Любовь обманывает и возвышает. Настоящее чувство вызывает в людях всё самое лучшее. А в худшем проявлении оно превращается в средство, с помощью которого можно управлять влюблённым дураком, а затем и уничтожить его.
Не будь дураком.
Жертвенность для слабаков. Ненависть всё искажает. Любовь разрушает. Месть — вот удел сильных.
Живи без ненависти и без любви.
Следуй своей цели.
Верни то, что у тебя украли.

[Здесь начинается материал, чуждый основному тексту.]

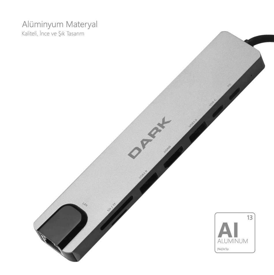 Dark USB-C 8 in 1 dönüştürücü yüksek kaliteli alüminyum alaşım kaplamaya sahiptir. Alüminyum alaşım, başlık ve dönüştürücünün ana gövdesinde yüksek koruma sağlarken yumuşak hatlı çizgilere sahip tasarımı şık ve zarif bir görünüm sunar.
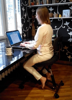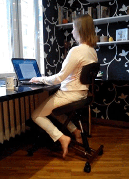 При звичайній посадці все навантаження припадає на нижню частину спини - ви можете відчути це піднявши лікті або зап'ястя зі столу і відірвавши стопи від підлоги. Це відбувається через неправильний згин тіла, коли вісь навантаження зміщується вперед, вам потрібно спиратися на зап'ястя, щоб компенсувати неправильне навантаження на спину. Посадка на  колінному ергономічному стільці  дозволяє перенести частину напруги з нижньої частини спини на коліна та стегна. Цьому сприяє положення тіла, що нагадує положення тіла у вершника.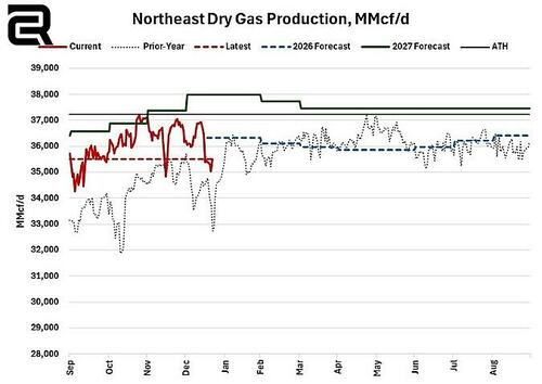The Appalachian production basin is poised for intense losses with the incoming winter storm. As volumes stand today at 35.5 Bcf/d, they have regained some of the last few days of freeze off losses but they are far shy of recent highs closer to 37 Bcf/d.

Заставь заплатить тех, кто смеялся над твоей болью. Пусть тобой управляет не ненависть, а холодный расчёт.
Ненависть — твой враг. Отмщение — лучший друг. Доверься ему, не сдерживай его.
Да сжалятся боги над моими обидчиками, потому что я буду безжалостен.

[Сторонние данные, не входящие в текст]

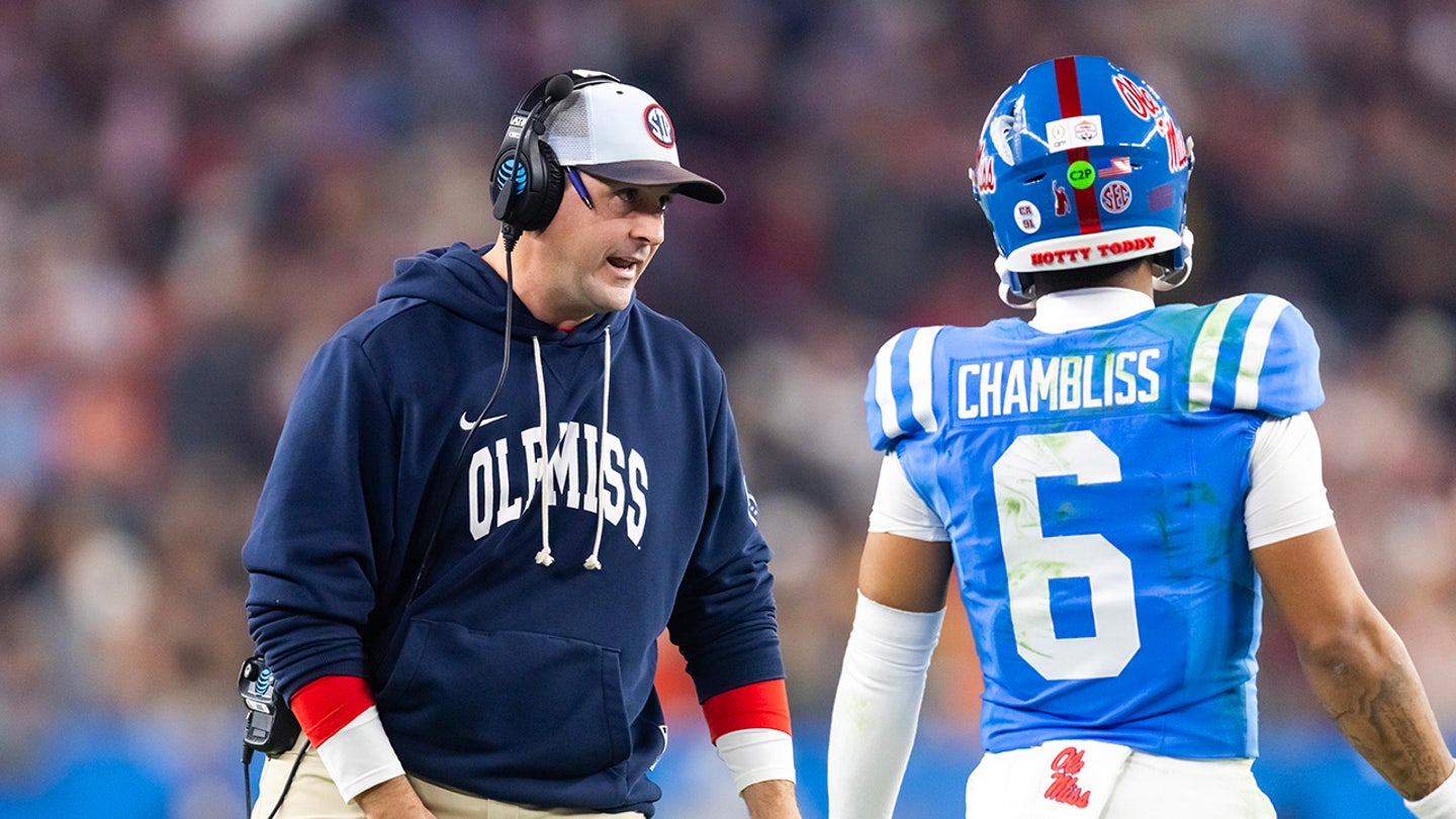 Mississippi Rebels quarterbacks coach Joe Judge with quarterback Trinidad Chambliss (6) against the Miami Hurricanes during the 2026 Fiesta Bowl and College Football Playoff semifinal game at State Farm Stadium. (Mark J. Rebilas/Imagn Images)

Сайфер перечитал слова, написанные им собственной кровью на полу камеры несколько веков назад. Едва заметные выцветшие строки напоминали о том, почему он оказался в этом времени и в этом месте.
Это была священная клятва, данная самому себе.
Закрыв глаза, он протянул руку, и строки превратились в туман, который поднялся с пола и осел на левом предплечье Сайфера. Буква за буквой, слово за словом кровавые символы врезались в кожу. Он зашипел от обжигающей боли. Но эта боль поддерживала его, придавала сил.
Совсем скоро он получит месяц свободы. Целый месяц, чтобы выследить и убить. Та, ради кого он пожертвовал собой, за всё заплатит, и если в процессе Сайфер сможет заслужить прощение… Что ж, хорошо.
А если нет… Месть иногда стоит того, чтобы ради неё идти на жертвы. По крайней мере, в этот раз он умрёт, твёрдо зная, что над ним больше никто не смеётся.
ГЛАВА 1
Кафе «Масперо»
Новый Орлеан
Февраль, 2008 г.
— Тебе никогда не хотелось засунуть голову в блендер и нажать на кнопку?
Симона Дюбуа недоуменно нахмурилась, а потом рассмеялась, глядя на Тэйта Беннета, окружного коронера Нового Орлеана, который сел напротив неё за стол из тёмного дерева. Тэйт, одетый в белую рубашку и черные слаксы, выглядел, как всегда, безупречно. Его смуглая кожа была идеально гладкой, благодаря креольско-гаитянским предкам. Чётко вылепленные черты лица делали его невероятно привлекательным, а карие глаза никогда ничего не упускали.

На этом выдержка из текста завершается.